(WORK TASK)
Extract, word for word, each line from the line holding "দেশের রেমিট্যান্স যোদ্ধাদের" through the end of the records. Omit every picture.

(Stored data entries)
------------------------------------------------

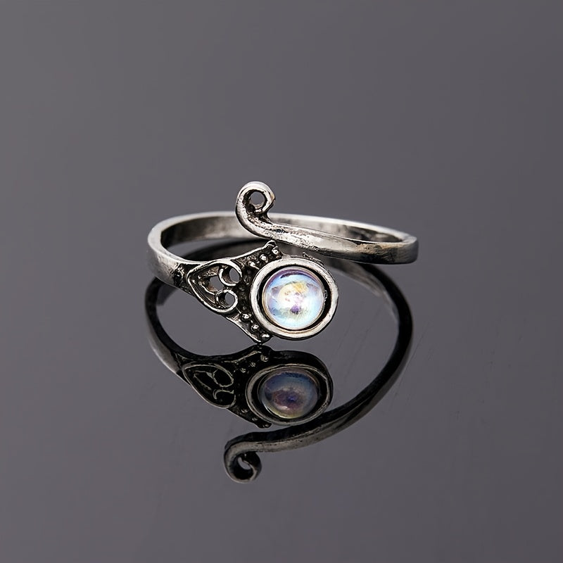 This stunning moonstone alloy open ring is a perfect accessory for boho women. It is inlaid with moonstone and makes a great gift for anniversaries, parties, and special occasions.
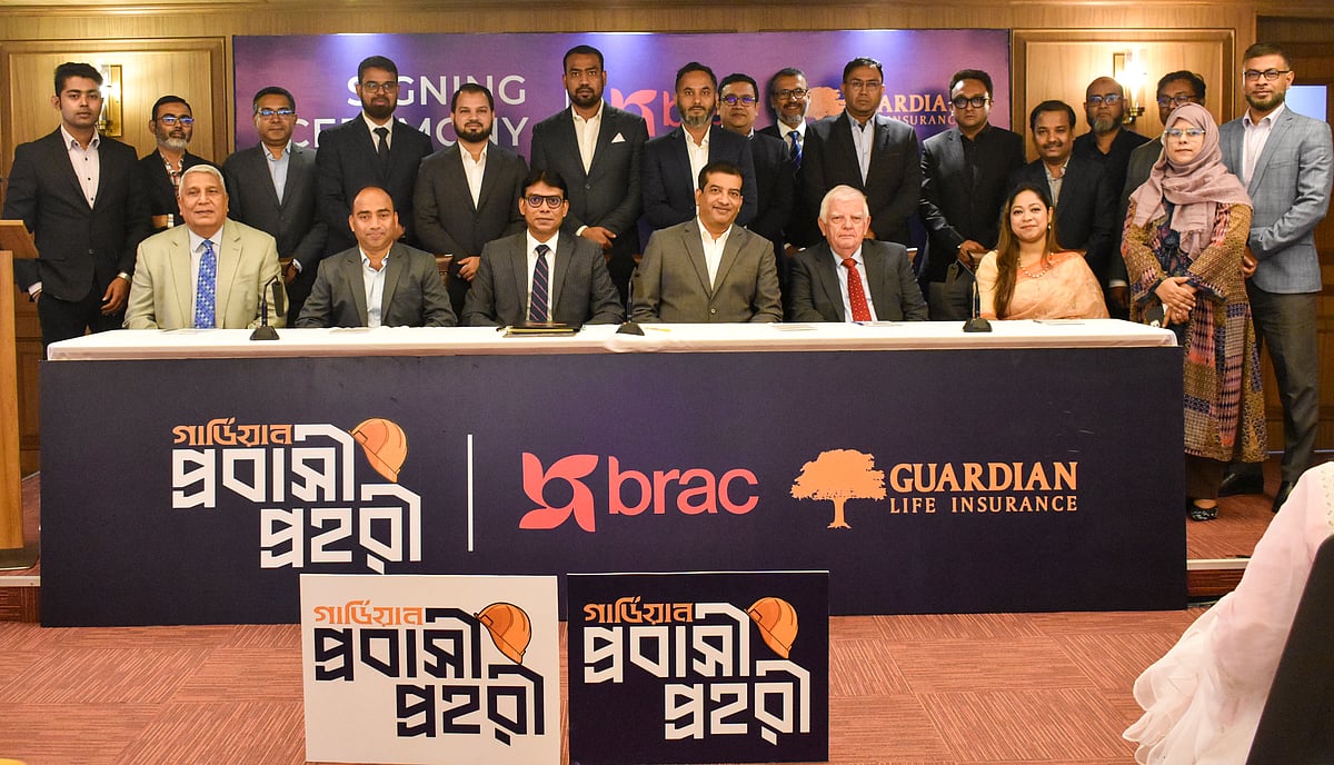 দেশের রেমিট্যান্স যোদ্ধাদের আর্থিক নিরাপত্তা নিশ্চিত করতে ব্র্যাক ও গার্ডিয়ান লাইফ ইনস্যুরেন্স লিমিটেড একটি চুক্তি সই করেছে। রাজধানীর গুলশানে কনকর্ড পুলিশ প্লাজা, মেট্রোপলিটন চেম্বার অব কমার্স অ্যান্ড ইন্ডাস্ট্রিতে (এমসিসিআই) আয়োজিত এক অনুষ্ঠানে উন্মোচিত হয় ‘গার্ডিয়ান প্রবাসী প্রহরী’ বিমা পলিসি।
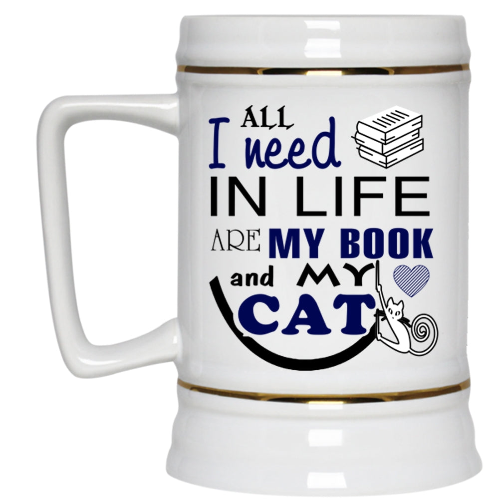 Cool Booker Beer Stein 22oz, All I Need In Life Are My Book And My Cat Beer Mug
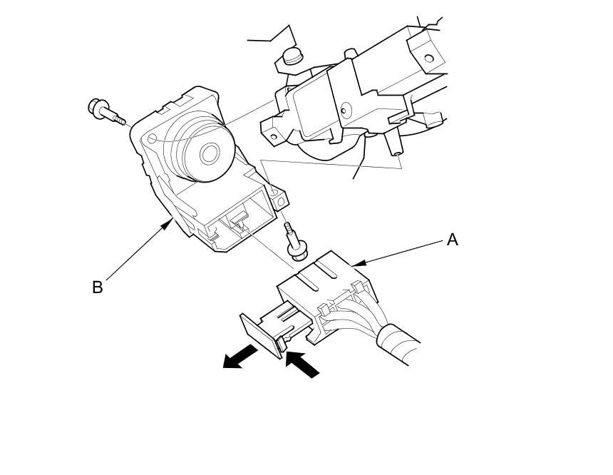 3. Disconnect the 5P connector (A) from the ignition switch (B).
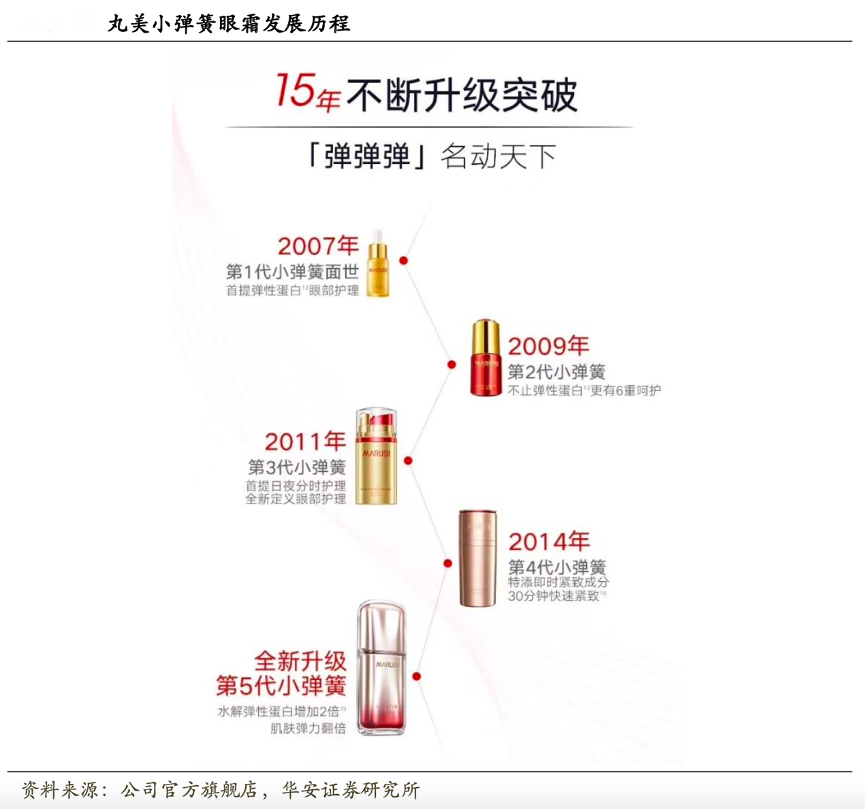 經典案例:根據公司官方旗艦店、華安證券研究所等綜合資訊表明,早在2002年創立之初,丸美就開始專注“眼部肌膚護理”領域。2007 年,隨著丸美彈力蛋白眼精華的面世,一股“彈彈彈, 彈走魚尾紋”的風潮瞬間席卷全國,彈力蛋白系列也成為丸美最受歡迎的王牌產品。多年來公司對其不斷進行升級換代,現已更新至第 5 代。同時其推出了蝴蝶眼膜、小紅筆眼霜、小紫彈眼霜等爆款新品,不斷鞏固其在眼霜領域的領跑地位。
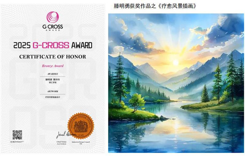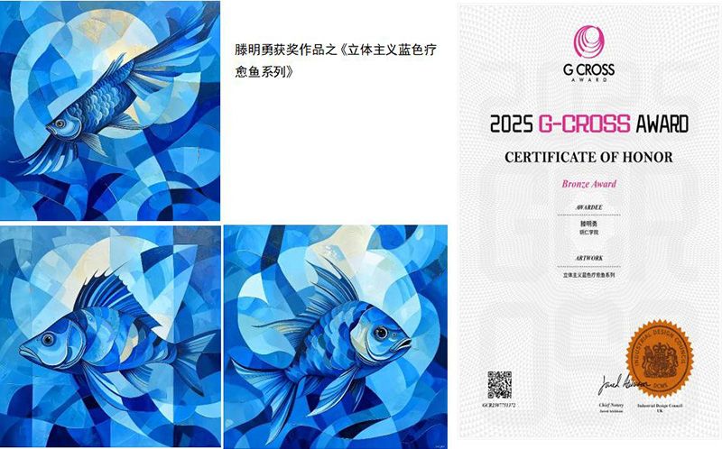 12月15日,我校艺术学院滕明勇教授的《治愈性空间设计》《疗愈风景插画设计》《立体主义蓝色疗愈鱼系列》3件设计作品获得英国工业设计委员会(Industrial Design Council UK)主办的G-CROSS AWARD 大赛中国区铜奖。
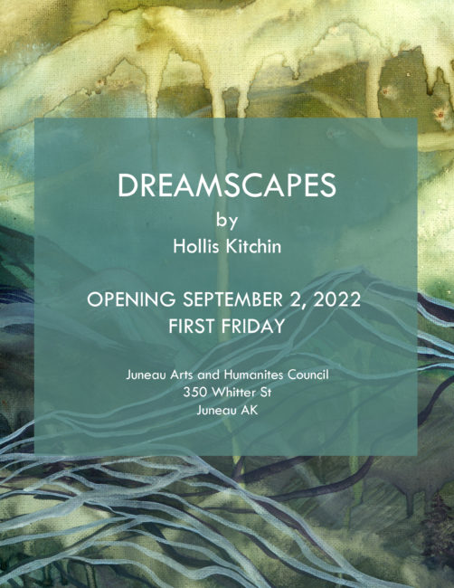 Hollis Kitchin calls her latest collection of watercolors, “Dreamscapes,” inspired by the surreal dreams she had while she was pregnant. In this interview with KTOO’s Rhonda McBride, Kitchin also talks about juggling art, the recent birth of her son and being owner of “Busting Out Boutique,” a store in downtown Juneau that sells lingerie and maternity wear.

------------------------------------------------

(EXERCISE SOLUTION)
 দেশের রেমিট্যান্স যোদ্ধাদের আর্থিক নিরাপত্তা নিশ্চিত করতে ব্র্যাক ও গার্ডিয়ান লাইফ ইনস্যুরেন্স লিমিটেড একটি চুক্তি সই করেছে। রাজধানীর গুলশানে কনকর্ড পুলিশ প্লাজা, মেট্রোপলিটন চেম্বার অব কমার্স অ্যান্ড ইন্ডাস্ট্রিতে (এমসিসিআই) আয়োজিত এক অনুষ্ঠানে উন্মোচিত হয় ‘গার্ডিয়ান প্রবাসী প্রহরী’ বিমা পলিসি।
 Cool Booker Beer Stein 22oz, All I Need In Life Are My Book And My Cat Beer Mug
 3. Disconnect the 5P connector (A) from the ignition switch (B).
 經典案例:根據公司官方旗艦店、華安證券研究所等綜合資訊表明,早在2002年創立之初,丸美就開始專注“眼部肌膚護理”領域。2007 年,隨著丸美彈力蛋白眼精華的面世,一股“彈彈彈, 彈走魚尾紋”的風潮瞬間席卷全國,彈力蛋白系列也成為丸美最受歡迎的王牌產品。多年來公司對其不斷進行升級換代,現已更新至第 5 代。同時其推出了蝴蝶眼膜、小紅筆眼霜、小紫彈眼霜等爆款新品,不斷鞏固其在眼霜領域的領跑地位。
 12月15日,我校艺术学院滕明勇教授的《治愈性空间设计》《疗愈风景插画设计》《立体主义蓝色疗愈鱼系列》3件设计作品获得英国工业设计委员会(Industrial Design Council UK)主办的G-CROSS AWARD 大赛中国区铜奖。
 Hollis Kitchin calls her latest collection of watercolors, “Dreamscapes,” inspired by the surreal dreams she had while she was pregnant. In this interview with KTOO’s Rhonda McBride, Kitchin also talks about juggling art, the recent birth of her son and being owner of “Busting Out Boutique,” a store in downtown Juneau that sells lingerie and maternity wear.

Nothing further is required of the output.